PROVIDED DATA:
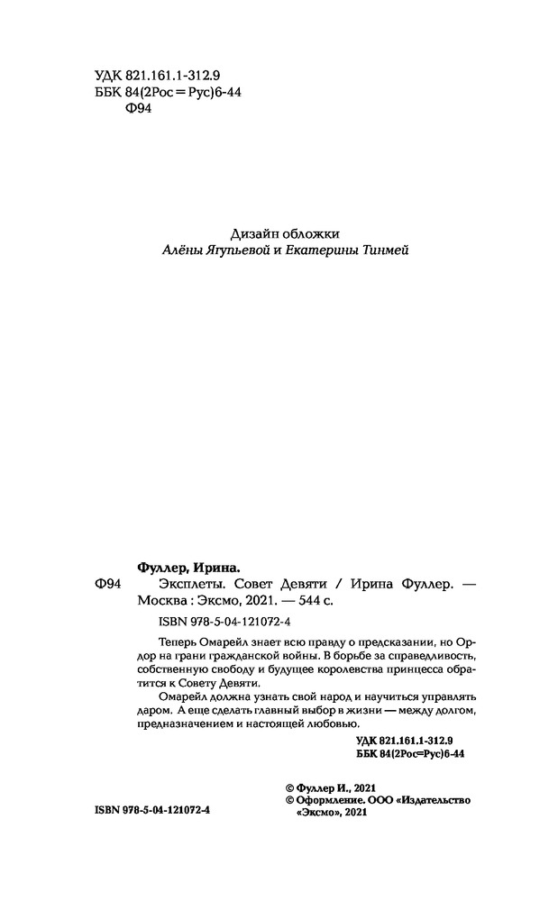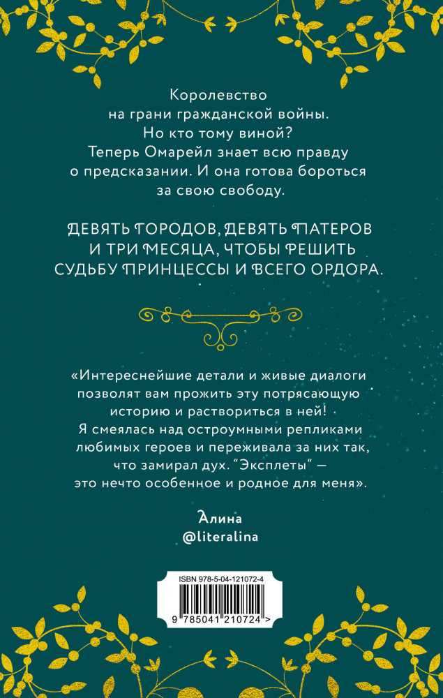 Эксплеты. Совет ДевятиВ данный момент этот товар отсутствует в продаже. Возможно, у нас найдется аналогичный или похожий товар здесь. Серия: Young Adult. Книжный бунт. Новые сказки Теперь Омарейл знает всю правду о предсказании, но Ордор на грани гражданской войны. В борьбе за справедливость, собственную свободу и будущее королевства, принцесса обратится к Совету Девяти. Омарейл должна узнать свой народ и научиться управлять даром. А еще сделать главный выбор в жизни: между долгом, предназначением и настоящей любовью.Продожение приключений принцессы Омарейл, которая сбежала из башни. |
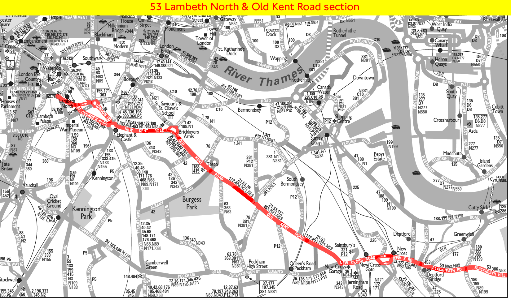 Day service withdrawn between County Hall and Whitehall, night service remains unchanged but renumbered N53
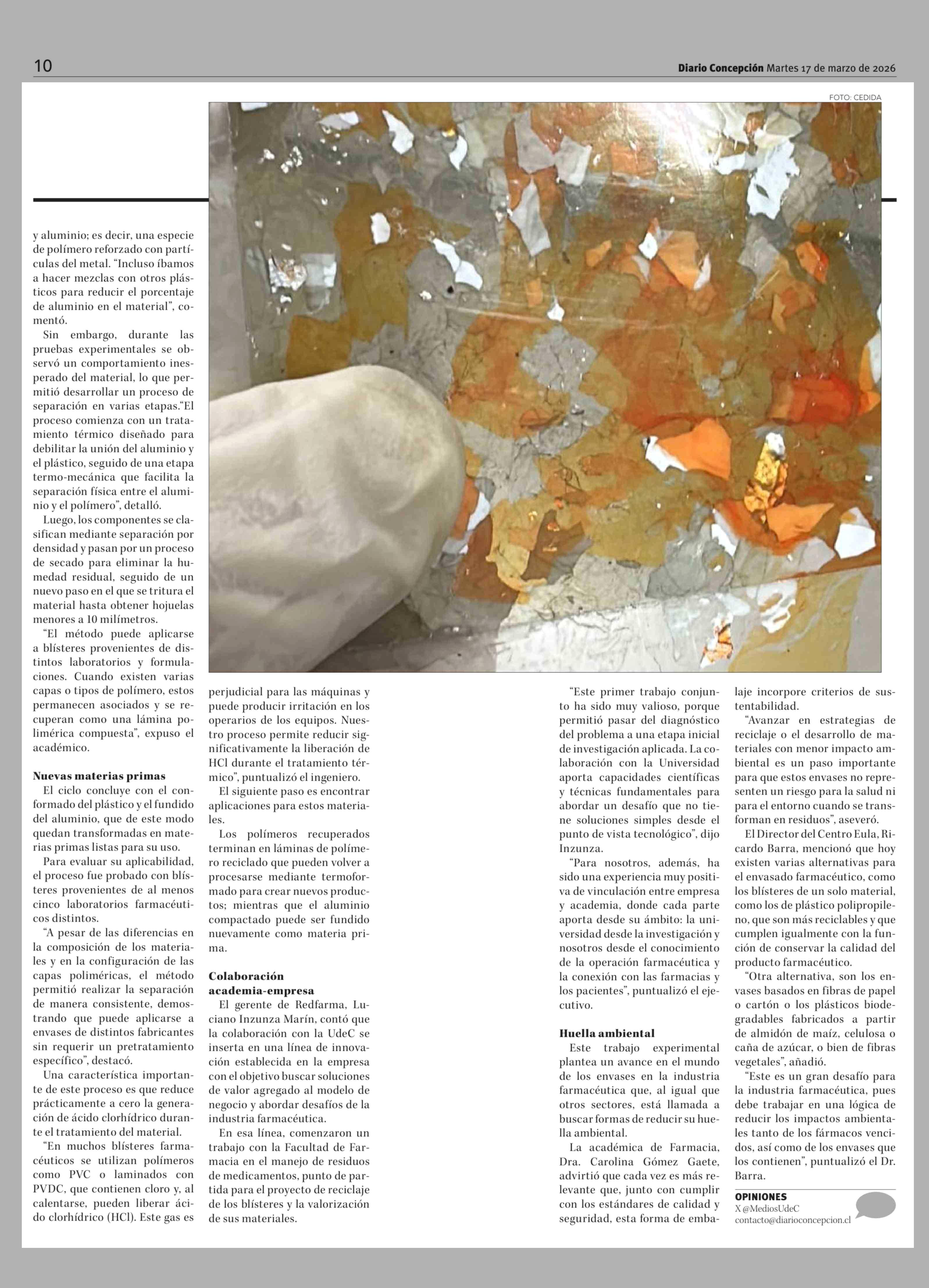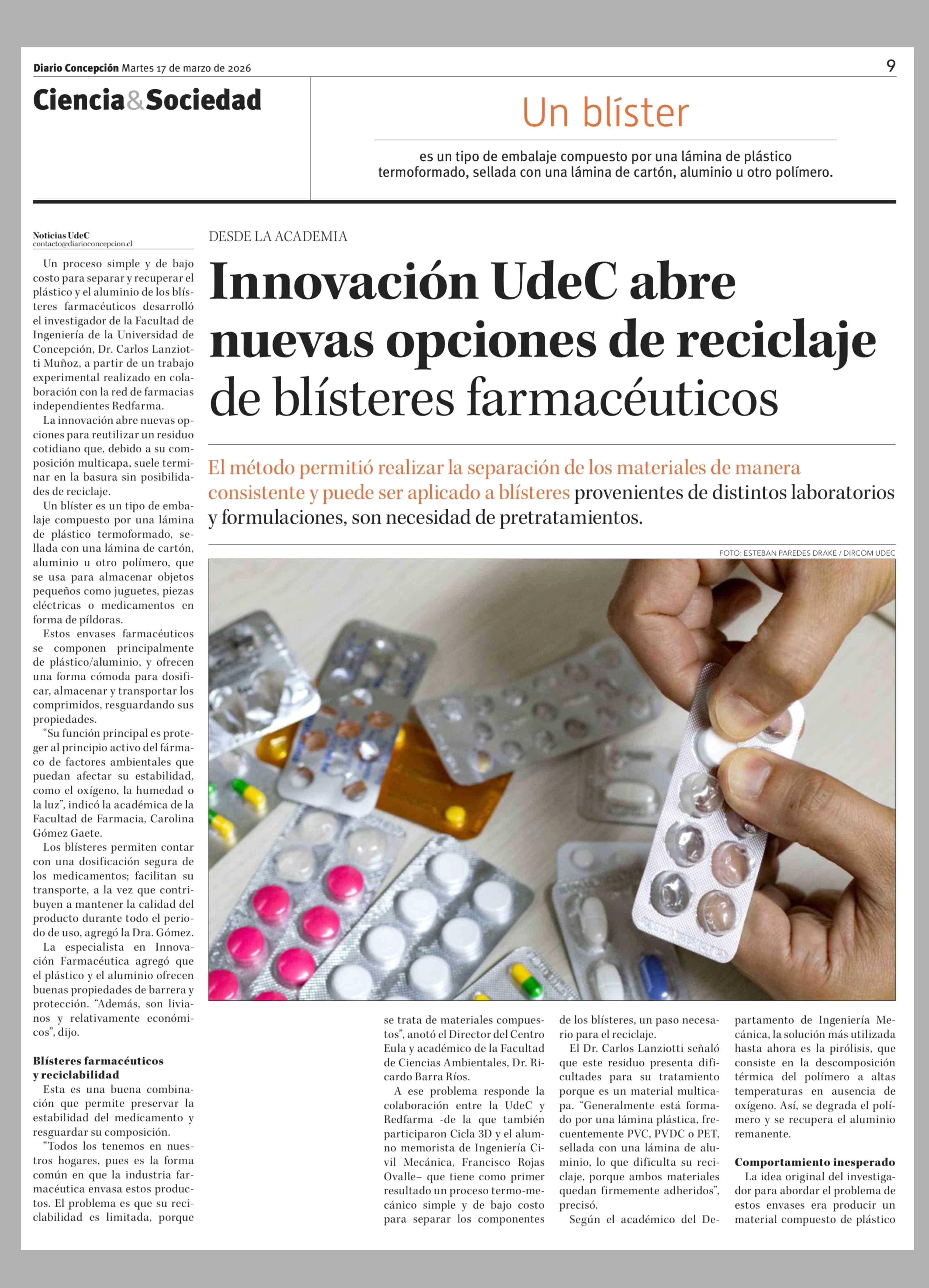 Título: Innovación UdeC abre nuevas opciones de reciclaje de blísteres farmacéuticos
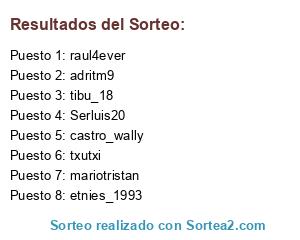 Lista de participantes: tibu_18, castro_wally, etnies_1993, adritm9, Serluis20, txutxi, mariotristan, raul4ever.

...

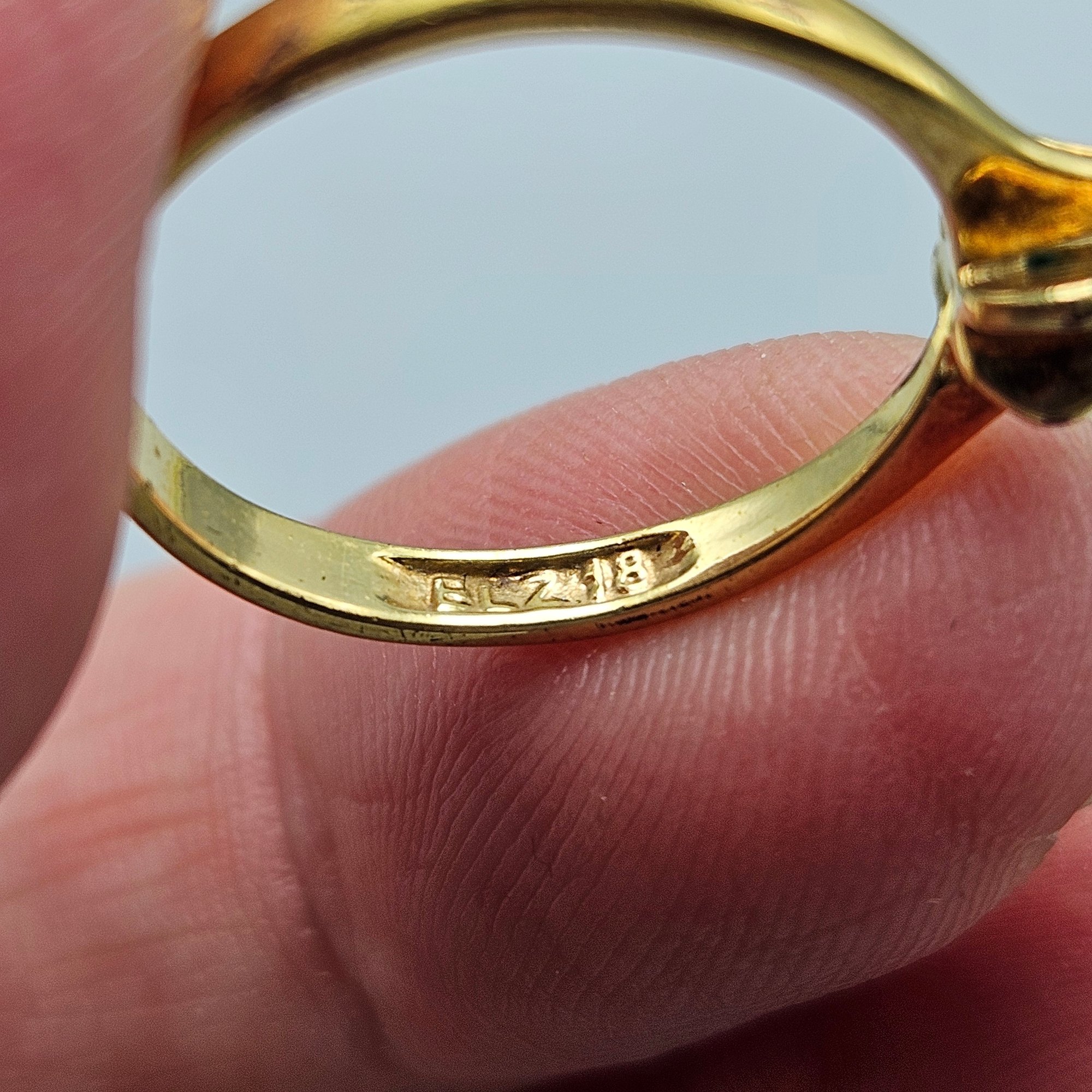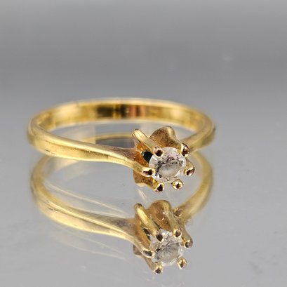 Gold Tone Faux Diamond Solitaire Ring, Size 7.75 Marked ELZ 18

YOUR TASK: Take the material above from the line bearing "Эксплеты. Совет ДевятиВ" through the line bearing "Day service withdrawn" and write it out exactly, both end lines included. Pictures stay out.

SOLVED EXERCISE:
 Эксплеты. Совет ДевятиВ данный момент этот товар отсутствует в продаже. Возможно, у нас найдется аналогичный или похожий товар здесь. Серия: Young Adult. Книжный бунт. Новые сказки Теперь Омарейл знает всю правду о предсказании, но Ордор на грани гражданской войны. В борьбе за справедливость, собственную свободу и будущее королевства, принцесса обратится к Совету Девяти. Омарейл должна узнать свой народ и научиться управлять даром. А еще сделать главный выбор в жизни: между долгом, предназначением и настоящей любовью.Продожение приключений принцессы Омарейл, которая сбежала из башни. |
 Day service withdrawn between County Hall and Whitehall, night service remains unchanged but renumbered N53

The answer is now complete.